I’ve since made an asserted effort to dedicate time to my social life: going
on trips with friends; going on dates; and, most importantly, getting work
completely off my mind occasionally."

Serious question (and my thoughts) here I'm not trying to be cute. Regarding
your "social life".

Do you think you will grow out of this? Because what do you think is going to
happen if/when you are married and have children and aren't living in SF or
some exciting place and have much on your plate?

The best way to insure that you can live the life you want and have some fun
is to put all the effort in that you can now and try to put off having fun
until a bit later on. Now is when you have energy and should be able to work
non-stop with very little else. (I didn't surface for air for 7 years working
6 to 7 days a week ..)

I point this out also because the world is littered with people who didn't get
into a good school because they spent a bit to much time worrying about
missing something or having fun and are paying for that later.
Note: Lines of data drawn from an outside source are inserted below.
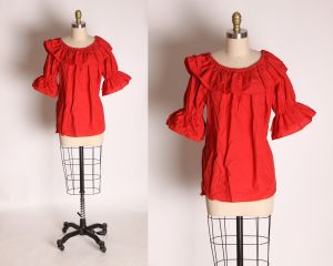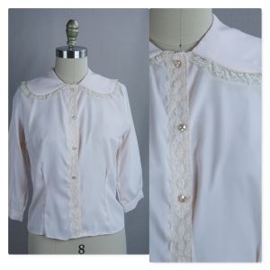 - No Label PresentSmall 1960s Top Black Floral Sheer Lace Blouse 3/4 Long Bell Sleeve Boat Neck Shirt$175.00Add to Favorites
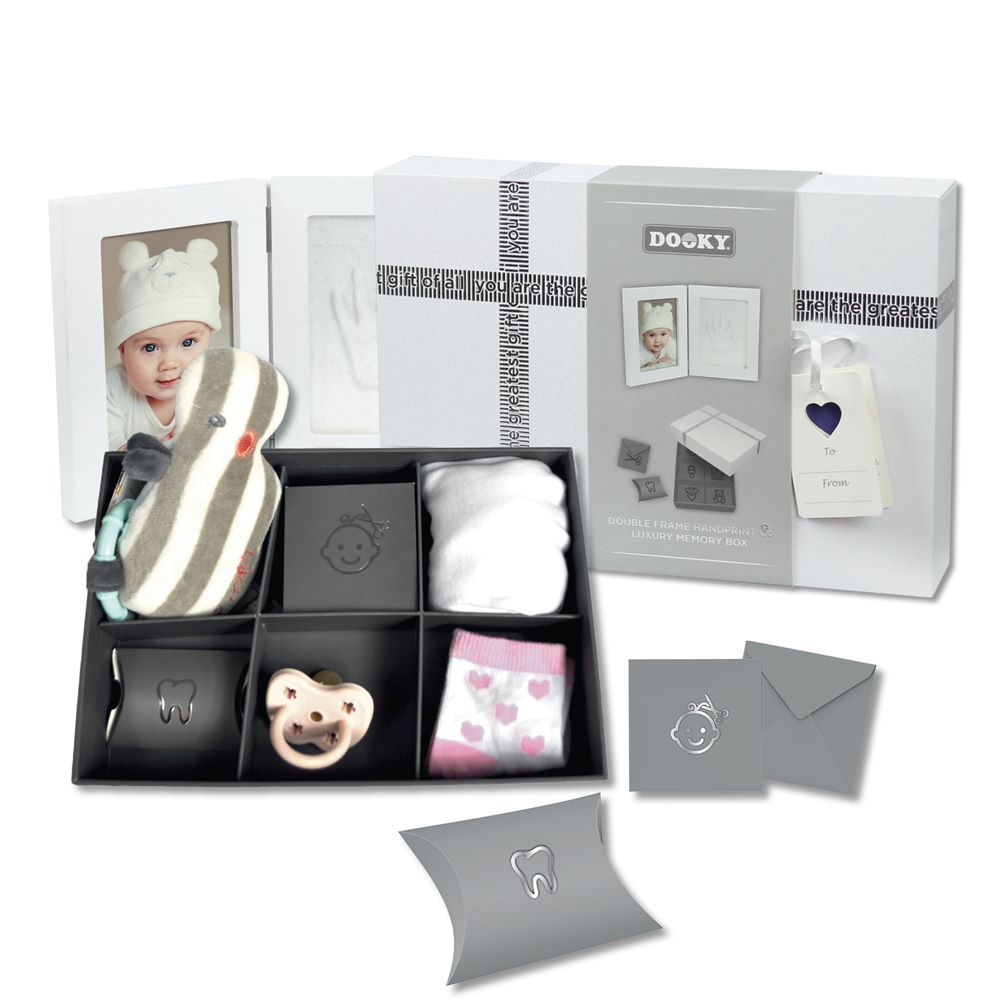 Zestaw Dooky Podwójna ramka z odciskiem bobasa i MEMORY BOX to stylowe i sentymentalne rozwiązanie — umożliwia umieszczenie zdjęcia dziecka oraz odcisku dłoni lub stópki w eleganckiej ramce, a w wyjątkowym pudełku MEMORY BOX przechowywanie najcenniejszych drobiazgów z okresu niemowlęcego.
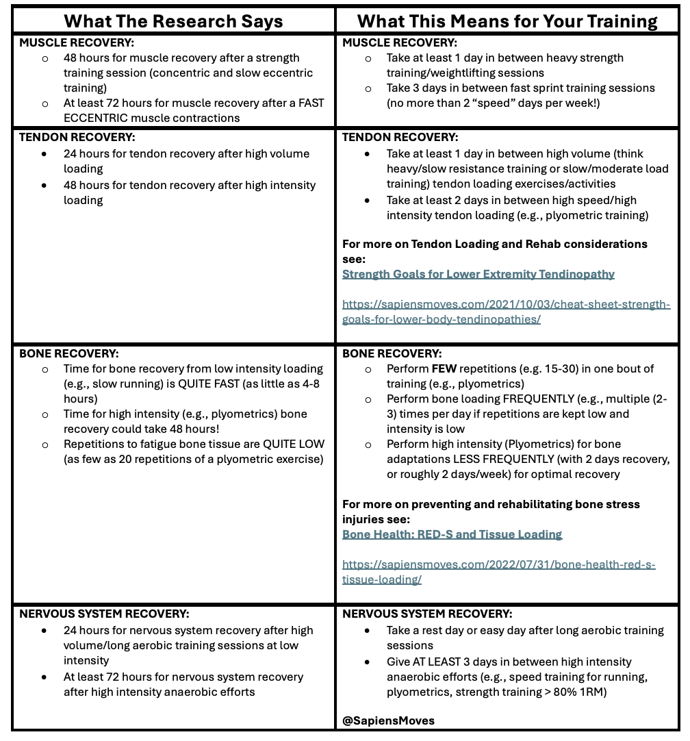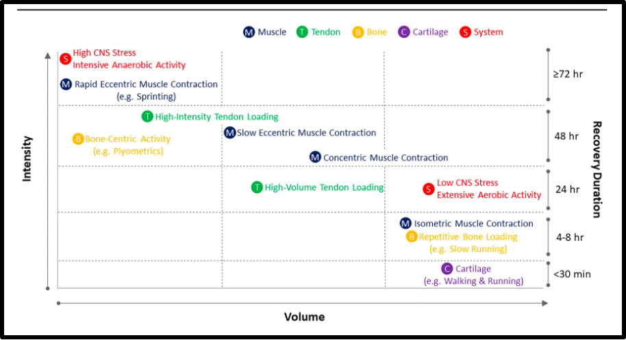 There is a fantastic review paper that came out in 2024 from Dr. Tim Gabbett and colleagues discussing how recovery must be matched to intensity and volume of training and the specific body tissues impacted. See the graphic below from Gabbett, 2024 for a representation of these concepts:

I'm sure you've
met people like this in your high school.

It's a little unclear how long you worked before you realized what you wrote.
It was certainly less than two years since you wrote this: "I’ve grown a lot
as a person in the past two years." That's not a long time to be denied the
pleasures of other people and fun (look at people on tours of duty in the war
or speaking of my own experience).

The fact that you never had a problem until later means you really haven't
dealt with the situation you are in now in the past which I think is what you
are saying. Things were easy for you until you got around a group of people
who were also good. I know first hand about the MIT syndrome since I saw
others that suffered from it at the school that I went to which was quite
good.

I didn't suffer from that for one simple reason.

Things were never easy for me it always took hard work and it also took plenty
of effort for me to get into the school I went to. So when I got there I
didn't fall apart if I got a "B+". I just kept chugging away while the ones
who were "so much smarter" who got in with their top grades and SAT's wilted
under the pressure of having to do so much work. This was a long time ago
compared to when you are in school. So to answer your question, no, things
haven't changed that much.

You've got plenty of time to have fun. Now is the time to work as hard as you
possibly can with minimal breaks in order to achieve your goals. You might not
surface for air for a few years but it will probably be well worth it.

One last thing. There will be times in life when you might have some crisis
either in personal life or business that will require you to work all the
time. I had a case where several of my top people left, I was in the middle of
a legal case, and a breakup, and I still had to show up to work doing the job
of three people and deal with personal issues and family fights. Having to go
through that and knowing I could (similar I'm sure to having climbed a certain
mountain like you are doing) was a great experience that made me realize that
I didn't have to be scared of the unknown and that I could handle it.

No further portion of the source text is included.